Knowledge and Experience. They just know how to keep me feel alive.....


Wednesday, June 13, 2012

Para.. para..

I am acrophobic. And I don't like being acrophobic, but that is what I am.

Acrophobic berarti orang yang takut ketinggian, dan saya salah satunya. Saya ga bisa ingat sejak kapan saya takut ketinggian. Yang saya ingat, saya selalu deg-degan dan sedikit gemetar tiap kali harus menyeberang dengan jembatan penyeberangan (terutama jembatan penyeberangan di gerbatama UI, yang juga menyeberangi rel kereta. Tinggi banget!!). Saya selalu ingin nutup mata tiap kali naik lift yang kacanya transparan. Saya ga berani liat ke bawah tiap kali naik eskalator atau jalan-jalan di mall, karena kalau saya lakukan perut saya rasanya langsung mual. Pernah satu kali saya pergi ke Anyer dan saya naik ke puncak sebuah mercusuar bersama beberapa teman, saya hanya berani duduk merapat ke tembok sambil berpegang erat-erat ke pagar penyangga dengan wajah pucat sementara teman-teman saya asyik bergaya dan berfoto. Saya juga pernah dipaksa naik wahana Kora-Kora di Dufan oleh beberapa teman, dan saya hanya bisa menutup mata, merasakan jantung saya hampir copot sampai akhirnya tangisan saya pecah di atas wahana itu.Yah, itulah saya.

Sering kali saya dapat ucapan dari teman-teman saya seperti, "Ga asik lo! Gitu aja takut.Cupu!" atau "Gaya tengil macam jagoan tapi ga berani nyoba yang tinggi-tinggi". Puas deh sepanjang hidup saya denger omongan kayak gitu. Saya cuma bisa cengar-cengir kecut tiap kali denger semua ucapan teman-teman saya tadi. Ga masalah mereka mau bilang apa, selain sama hiu, saya emang takut juga sama yang namanya ketinggian, jadi mau gimana lagi.

Tapi biarpun takut tinggi, saya ga takut naik pesawat. Karena mungkin saya merasa aman berada di dalamnya. Saya jadi ingat pengalaman pertama saya naik pesawat, antara excited dan takut setengah mati. Saya tidak akan pernah lupa penerbangan pertama saya ke Bali dengan 3 orang teman. Waktu itu saya dapat tempat duduk terpisah dari 3 teman saya tersebut, tapi karena teman saya tahu persis kalau itu adalah pertama kalinya saya naik pesawat dan saya sebenarnya penakut, jadilah saya bertukar posisi dengan salah seorang teman. God bless her :-p. Saat take off dan landing adalah saat-saat yang paling saya ga suka. Lagi-lagi saya menutup mata plus menggenggam erat-erat bangku pesawat (dan tangan teman saya) ketika itu. Walaupun diketawain sama teman saya, saya udah ga mau ambil pusing dan tetep melanjutkan ritual tersebut. Sampai sekarang pun, tiap kali take off dan landing dengan pesawat, saya lebih suka menutup mata saya, mengatur napas sedemikian rupa dan berpegang pada sesuatu sambil komat-kamit dalam hati: All is well... All is well... 
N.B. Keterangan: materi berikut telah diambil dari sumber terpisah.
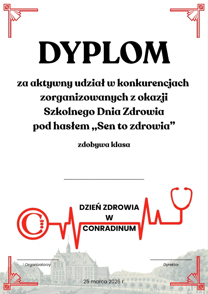 25 marca 2026 r., w ramach Dnia Zdrowia w Conradinum, odbył się Turniej dla Klas Pierwszych pod hasłem „Sen to zdrowie – każdy Ci to powie”.
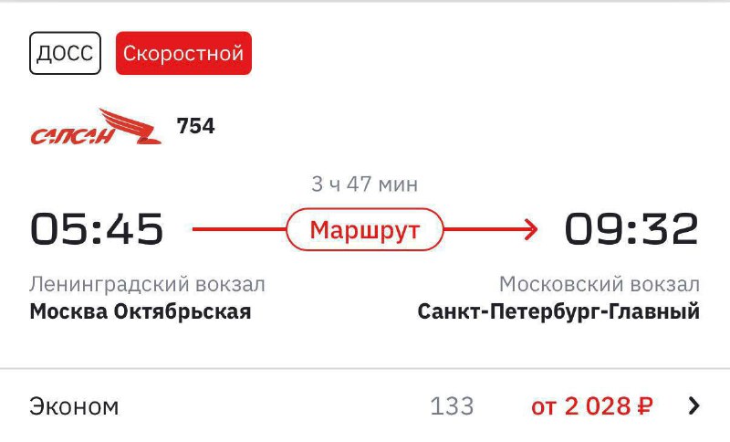Уехать из Москвы в Петербург на скоростном поезде можно будет по цене от 1200 рублей — РЖД временно снизили цены на билеты. Эконом-билет на «Сапсан» можно купить за 2028 рублей до конца февраля, сидячий билет на «Аврору» — за 1200 рублей до конца апреля.
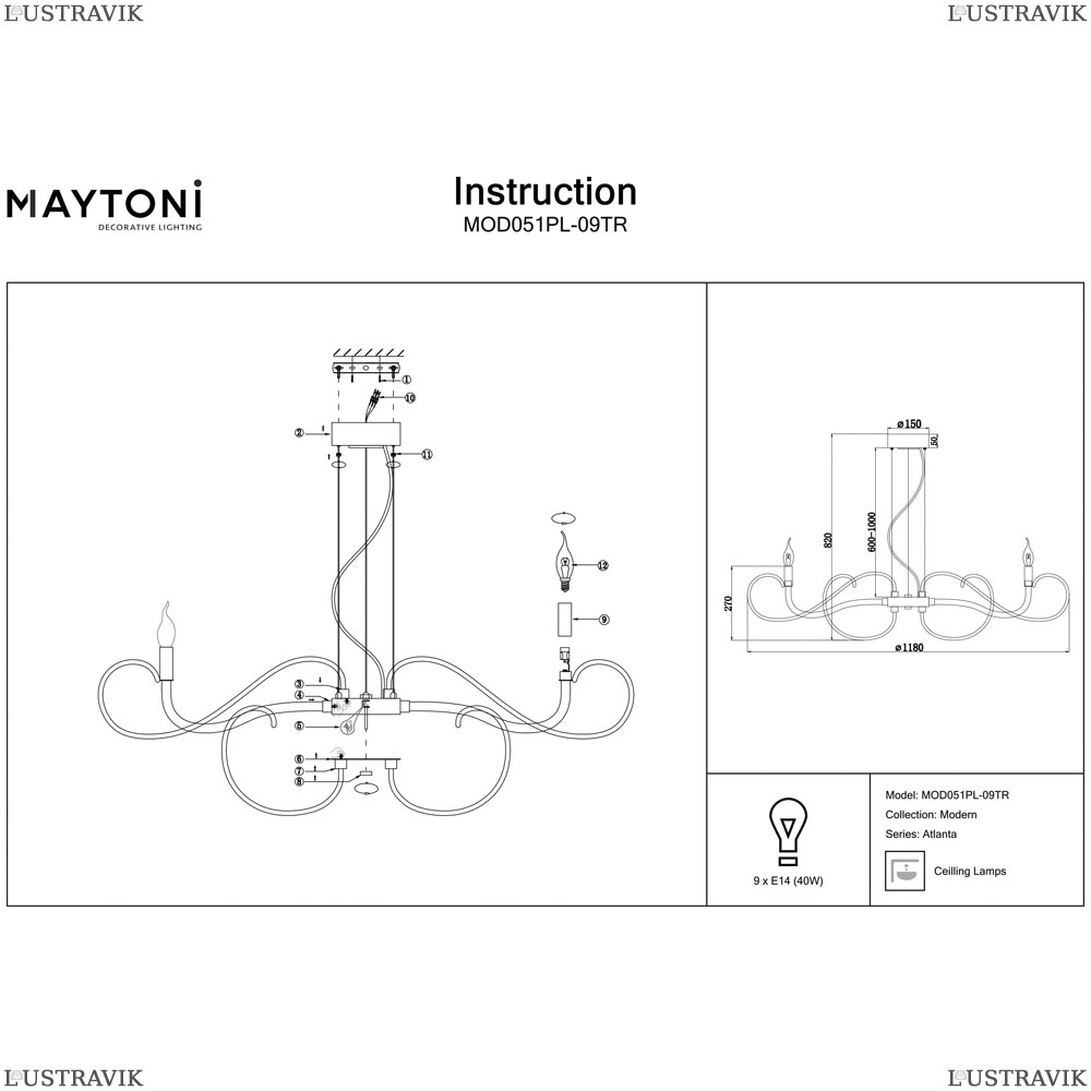 MOD051PL-09TR Подвесная люстра Maytoni, Atlanta
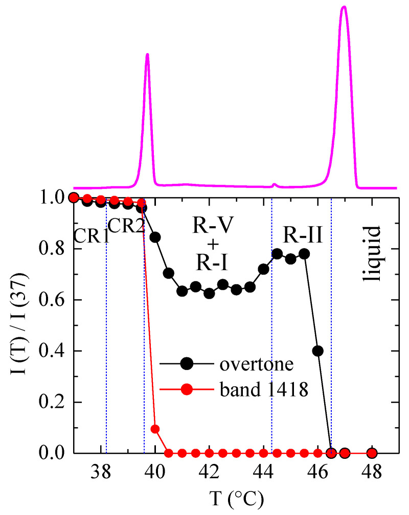 The next step addresses the analysis as function of temperature (and, implicitly, with the phase present) of some parameters related to these Raman spectra. Thus, Figure 9 shows such variation for the ratio of the intensity at temperature T to that at 37 °C for the first overtone and for the band at 1418 cm−1. Since these Raman experiments (see Experimental) have been acquired in a step-temperature mode (with an average heating rate smaller than 0.2 °C/min), the DSC heating curve shown at the top of Figure 9 corresponds to a heating rate of 0.2 °C/min (see Figure 2).
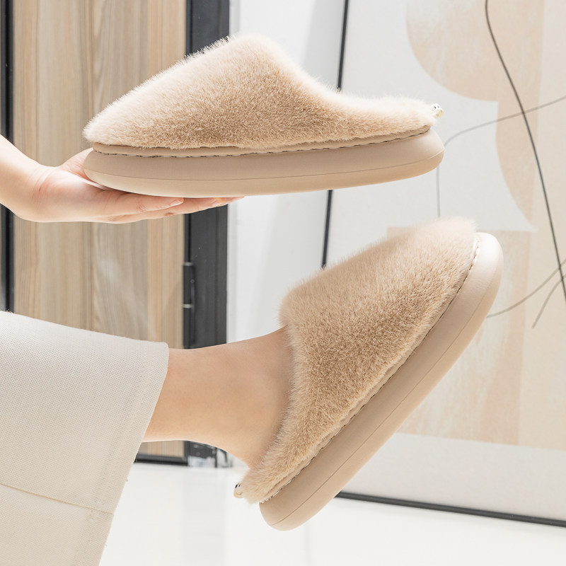 红豆踩屎感棉拖鞋女士秋冬季室内家居2025新款毛绒保暖情侣棉拖男
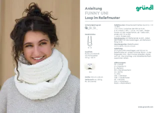 Für das Anfertigen eines Pullovers in Größe 38 benötigt man 500 g Funny Uni.
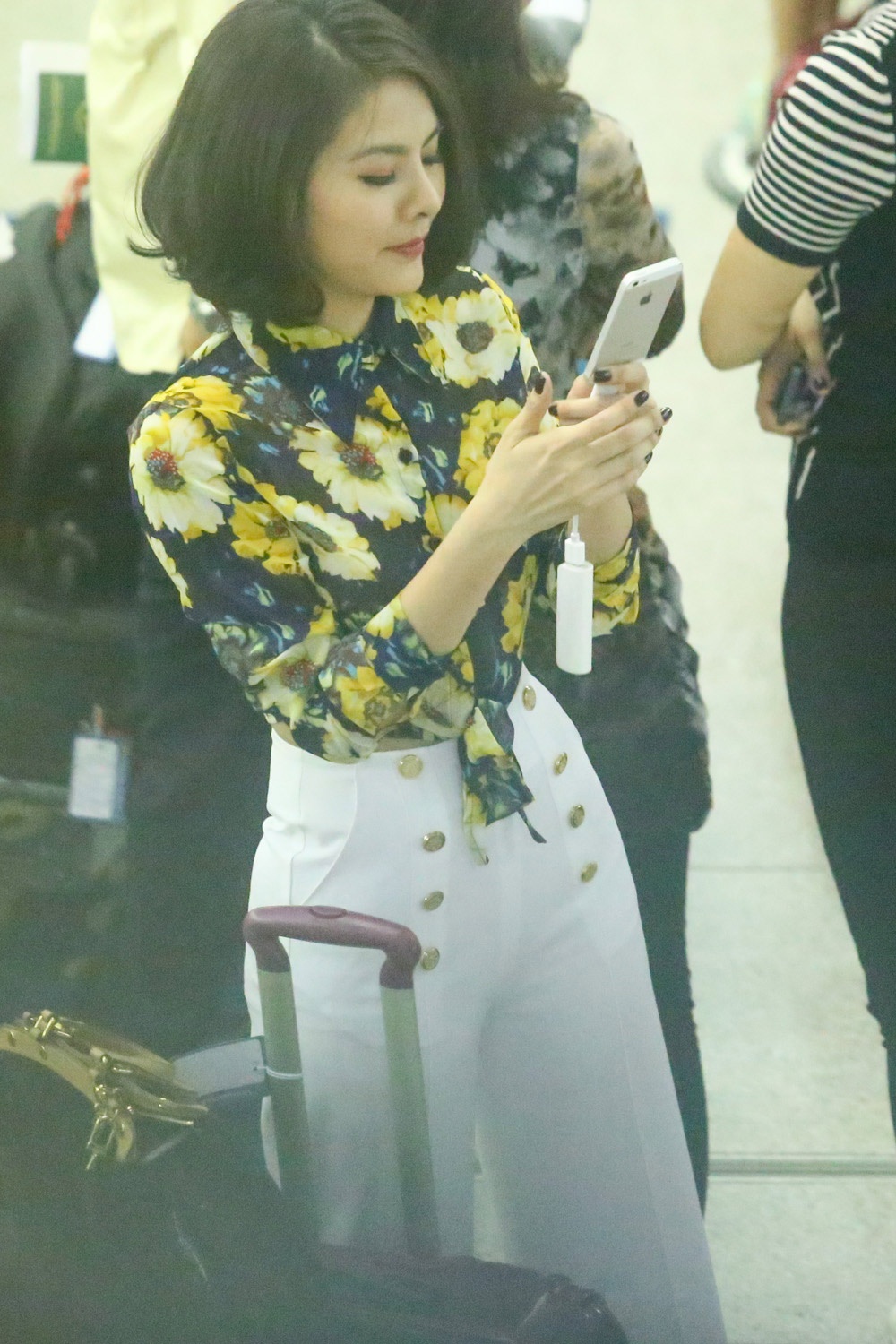 | Tại sân bay, nữ giám khảo Project Runway thu hút sự chú ý với phong cách thời trang năng động, khỏe khoắn. Do chuyến bay đường dài nên Trương Ngọc Ánh diện trang phục thoải mái, đi giày thể thao thay vì giày cao gót. |
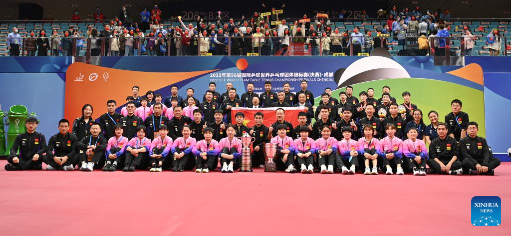 Members of China pose with trophy during the awarding ceremony after the men's teams final match against Germany at the 2022 ITTF World Team Table Tennis Championships Finals in Chengdu, southwest China's Sichuan Province, Oct. 9, 2022. (Xinhua/Jiang Hongjing)

Saya ga tau apakah acrophobia saya ini termasuk dalam ukuran parah, lumayan atau biasa-biasa saja. Tapi saya sudah membulatkan tekad untuk pelan-pelan mengatasinya. Beberapa waktu lalu tercetuslah sebuah ide dari teman saya untuk mencoba tandem paragliding (paralayang) di Puncak. Di satu sisi saya tertarik banget untuk nyoba, saya selalu senang dan penasaran dengan hal-hal baru. Tapi di sisi lain, saya ga berani membayangkan betapa tingginya nanti saya akan melayang, di alam terbuka, tanpa pelindung apa-apa. Bayangan seperti parasut yang ga akan terbuka atau tiba-tiba saya jatuh dari ketinggian melintas di kepala saya. I'm terrified, but I have to face it. I want to experience it so bad. Maka, saya pun mengiyakan ajakan itu.
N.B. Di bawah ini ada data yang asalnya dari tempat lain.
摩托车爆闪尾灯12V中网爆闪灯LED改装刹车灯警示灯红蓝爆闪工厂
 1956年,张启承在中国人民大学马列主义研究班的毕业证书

Dan jadilah saya, tepat tanggal 19 Mei 2012 lalu, terbang pertama kali dengan paralayang dan berhasil melawan ketakutan-ketakutan saya. Saya mungkin lebay, tapi saya bangga bukan main. Hehehehehe. Bukan hal gampang bagi saya untuk yakin terus berlari sampai parasut membawa saya terbang melayang di ketinggian berpuluh-puluh meter dari atas tanah tempat saya berpijak sebelumnya. Saya harus melihat 2 teman saya lebih dulu melaluinya dan mendengar komentar mereka sebelum saya memutuskan untuk ikut mencoba. Tangan saya harus terus mengeluarkan keringat dingin tiap kali saya berdoa dalam hati bahwa semua akan baik-baik saja dan saya tidak akan jatuh. Kaki saya harus gemetar terus-terusan sebelum angin akhirnya datang dan saya diminta berlari sekuat tenaga sampai saya melayang. Bahkan pada saat berlari saya harus menggigit bibir saya karena ketegangan yang saya rasakan.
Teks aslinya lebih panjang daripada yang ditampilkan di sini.